What is happening and how is my data being used?
Auchenblae Medical Practice are back scanning all GP paper records including the Lloyd George Wallets (LGW) to store them in a digital format.
Personal data and Special categories of personal data
All paper records and LGWs will be scanned which contain your personal data and health data which is recorded in your GP records.
This will include but not limited to your full name, DOB, CHI, address, previous addresses and names, contact details such as telephone numbers and email addresses, NOK & emergency contact name(s) and contact details, details of your family along with potentially family history, social history, health information, imaging and photography, any other data received from other organisations such as NHS Boards, private healthcare, local authority, other health organisations or voluntary organisations.
Data controller
Dr Jonathon Taylor is the data controller for the data to be digitised.
The scanning of your paper health records will be undertaken by a company called NEC Software Solutions UK Limited (NEC).
NEC are providing a complete end-to-end solution with records being digitised and automatically filed within the GP Practice’s Docman application by suppliers Microtech.
NEC are also supported by other organisations they have contracted with to deliver the end-to-end solution. They use Freight-port as their couriers for transportation of the records from the GP practice to NEC, and they use Shred-it for the secure destruction of the patient records after they have been scanned and instruction provided to NEC by the Practice to destroy the physical records.
The Practice have a signed an Agreement with NEC setting out instructions and standards on how your information is processed by them and their sub-processors.

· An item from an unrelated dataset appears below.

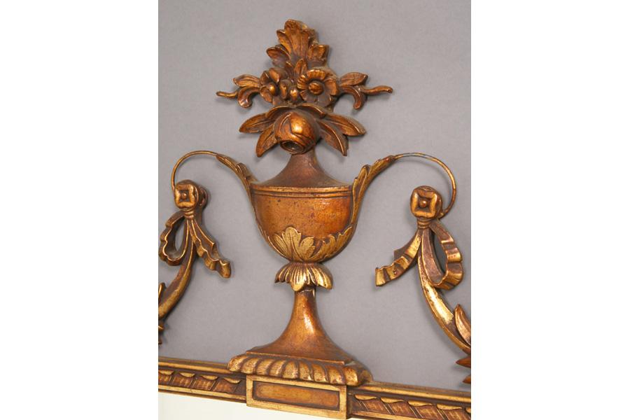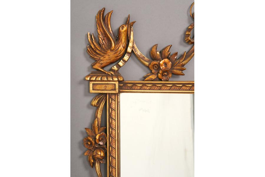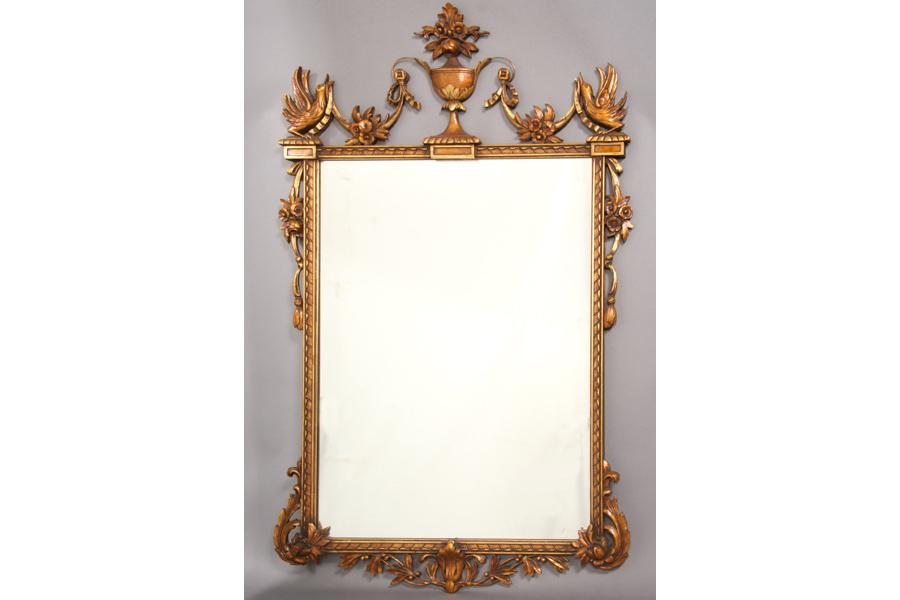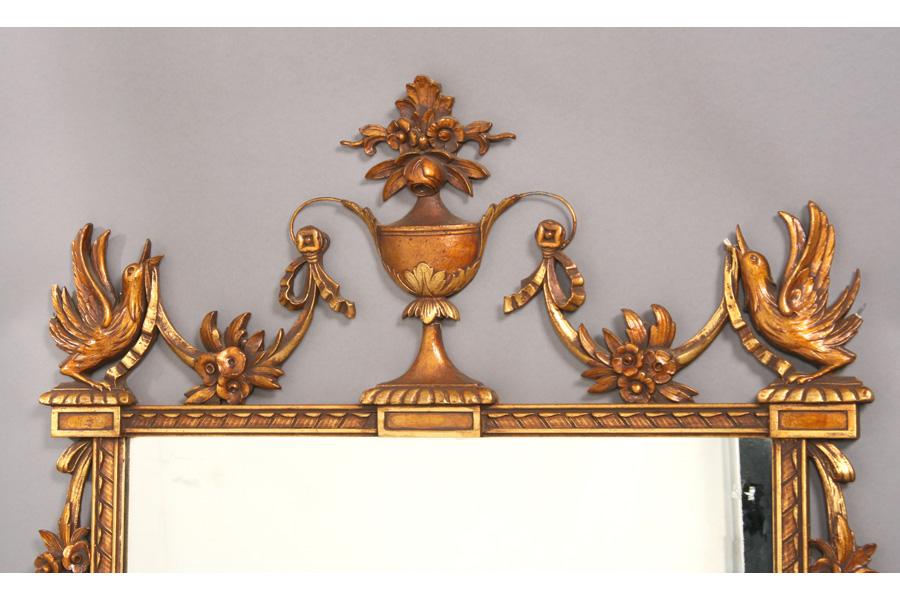 Italian style composition mirror with central urn flanked by birds and scroll decorated sides. Ht: 54" Width: 33" ***PLEASE NOTE: All property shall be paid for by the purchaser within five (5) business days of the sale. Kamelot Auctions accepts cash (In house only), personal checks, certified checks and money orders. We do not accept credit cards or Paypal under any circumstances. Please note our policy regarding payments from International buyers: The only acceptable method of payment is a bank wire/bank transfer. For invoices more than $1000, there is no additional fee for this service. For invoices less than $1000, please include an additional $25 wire fee. We will be happy to forward our bank wiring information after the completion of the auction. Thank you for your understanding and cooperation. All purchases must be removed within 15 business days after an auction. Property not removed from our facility after 15 business days will be moved to an off-site storage facility at a charge of $10.00 per day payable by the buyer. Kamelot does NOT provide shipping services or estimates. However, we recommend the following independent shipping services: Antique Transport Co. at antiquetransport@cs.com, Farren Transport at farrentransport@comcast.net or All Points Shipping at jb@allpointsshippingnj.com for quotations and shipping arrangements for furniture and other large items that would require a blanket wrap shipping company. For quotations and shipping arrangements for smaller items that would traditionally be shipped through UPS, please contact The UPS Store at store4744@theupsstore.com or The Packaging Store at hrpa112@aol.com. Clients are welcome to pick up their items from our location or make their own shipping arrangements.

Personal data which the Practice is data controller for, is retained in the same way as the other medical information we hold about you. Please see our full privacy notice for more information – Privacy Notice (auchenblaesurgery.co.uk)
NHS Inform also provides information how NHS Scotland uses and retains your data; please see the link below:
A specific Information Sharing Agreement has been put in place to document the sharing of personal data by the participating health organisations, including GP Practices. This is supported by a high level Agreement known as the Intra NHS Scotland Information Sharing Accord (2020) which enables participating health organisations share your personal data for specific purposes.
Lawful processing
We assert that it is lawful for us to process your personal data in this way as:
- processing is necessary for the performance of a task carried out in the public interest or in the exercise of official authority vested in the controller;
- processing is necessary in order to protect the vital interests of the data subject or of another natural person;
We assert that it is lawful for us to process special categories of your personal data in this way as:
- processing is necessary for the purposes of preventive or occupational medicine, for the assessment of the working capacity of the employee, medical diagnosis, the provision of health or social care or treatment or the management of health or social care systems and services on the basis of Union or Member State law or pursuant to contract with a health professional and subject to the conditions and safeguards … ;
AND
DPA 2018 Schedule 1 Condition:
2(1) Health & Social Care Purposes
- processing is necessary to protect the vital interests of the data subject or of another natural person where the data subject is physically or legally incapable of giving consent;
- processing is necessary for the establishment, exercise or defence of legal claims.
- processing is necessary for reasons of public interest in the area of public health, such as protecting against serious cross-border threats to health or ensuring high standards of quality and safety of health care and of medicinal products or medical devices, on the basis of Union or Member State law which provides for suitable and specific measures to safeguard the rights and freedoms of the data subject, in particular professional secrecy;
Your rights
We respect your rights and preferences in relation to your data. If you wish to update, access, erase, limit, or complain about the use of your information, please let us know by emailing [email protected] in the first instance and we will consider your questions. You may also wish to contact the Health Board under which your care is being delivered or the Information Commissioner’s Office.